The prosecutor said it had been meticulously planned: She had concocted an errand that would keep her husband, Patrick, out of the house for about 25 minutes, just long enough so she could do it.

And she had then strangled each of her children with an exercise band, an act that would require holding each of them down for at least four minutes. Then she leapt from a second-story window, a fall that fractured her spine.

“The defendant stated that after he left the house that night, she killed the kids because she heard a voice, and had, quote unquote, a moment of psychosis,” Assistant District Attorney Jennifer Sprague said during a virtual arraignment via Zoom.

“She heard a man’s voice, telling her to kill the kids and kill herself because it was her last chance,” Ms. Sprague said.

The defense lawyer told a different story. Since the birth of her youngest child, eight months ago, he said, Ms. Clancy had repeatedly sought help for postpartum depression, eventually being prescribed 13 psychiatric medications in a four-month period. But suicidal thoughts kept surfacing, culminating in a break on Jan. 24.

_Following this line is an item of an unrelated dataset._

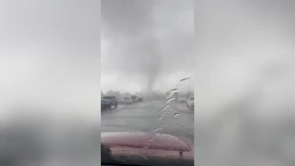 Footage of the moment the terrifying tornado ripped through the town shows metal, fencing and other debris swept into the winding spiral as it left houses and streets wrecked.

“This is not a situation, your honor, that was planned by any means,” said Ms. Clancy’s lawyer, Kevin Reddington. “This is a situation that clearly was a product of mental illness.”

In the last two weeks, since Mr. Clancy arrived home to a horrific scene, this community has been trying to make sense of it. Ms. Clancy, 32, worked as a labor and delivery nurse. She was known as a generous friend and a doting mother. She had no criminal record, nor any reported history of abusing her children — Cora, 5; Dawson, 3; and the baby, Callan.

Ms. Clancy has received a good deal of sympathy, much of it from women who have experienced postpartum depression and psychosis. Online supporters have adopted the hashtag LAOL, which stands for Lindsay’s Army of Love. Mr. Clancy appealed to the public to “find it deep within yourselves to forgive Lindsay, as I have.”

But Tuesday’s arraignment made it clear how difficult it would be to untangle Ms. Clancy’s mental state from her actions.

The Plymouth County district attorney, Tim Cruz, is prosecuting Ms. Clancy on charges of first-degree murder, which carries the state’s maximum penalty, life imprisonment without the possibility of parole, as well as three counts of strangulation and three counts of assault and battery with a dangerous weapon.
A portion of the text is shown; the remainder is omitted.